▶ [AVAILABLE DATA]:
= = = = = = =

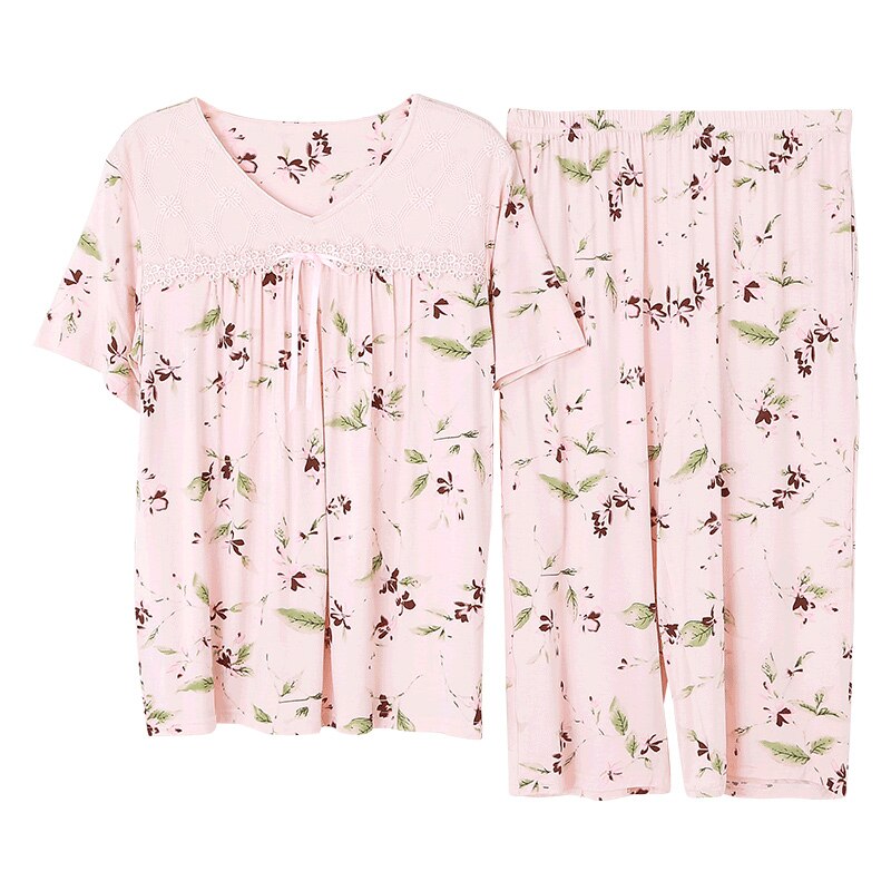 Women Nightwear Loose Home Wear Summer New 2PCS Shirt&Pants Home Clothes Female Flower Pajamas Set Cotton Modal Sleepwear M-XXXL
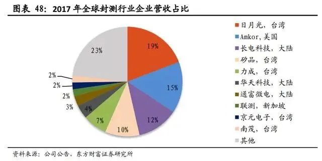 国内封测领域有三大龙头,分别是长电科技、华天科技和通富微电,三家均进入了全球封测行业的前十,2017年时三家总共占了全球封测市场份额的19%。得益于2015年收购了国际封测巨头星科金朋,长电科技无论技术还是规模均牢牢占据国内第一位。可惜蛇吞象并购后并没有给长电科技带来现金回报,星科金朋2015-2018年累计亏损了20.73亿,也是非常难受。
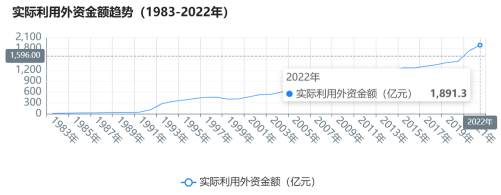 表三:实际利用外资金额趋势(1983–2022年)。数据来源:中国商务部&国家统计局&海关总署
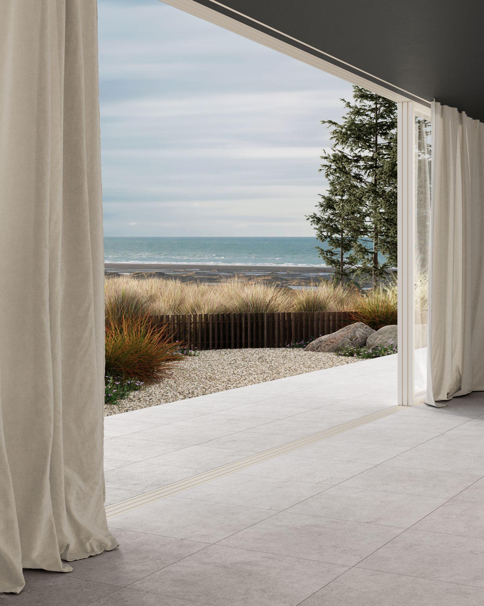 A continuous tile surface works best when it has something to play against. For example, raw timber furniture on a smooth stone-look floor or linen curtains falling beside a concrete-toned wall tile.

= = = = = = =

Word-for-word repeat, images excluded: return all the data.

 Women Nightwear Loose Home Wear Summer New 2PCS Shirt&Pants Home Clothes Female Flower Pajamas Set Cotton Modal Sleepwear M-XXXL
 国内封测领域有三大龙头,分别是长电科技、华天科技和通富微电,三家均进入了全球封测行业的前十,2017年时三家总共占了全球封测市场份额的19%。得益于2015年收购了国际封测巨头星科金朋,长电科技无论技术还是规模均牢牢占据国内第一位。可惜蛇吞象并购后并没有给长电科技带来现金回报,星科金朋2015-2018年累计亏损了20.73亿,也是非常难受。
 表三:实际利用外资金额趋势(1983–2022年)。数据来源:中国商务部&国家统计局&海关总署
 A continuous tile surface works best when it has something to play against. For example, raw timber furniture on a smooth stone-look floor or linen curtains falling beside a concrete-toned wall tile.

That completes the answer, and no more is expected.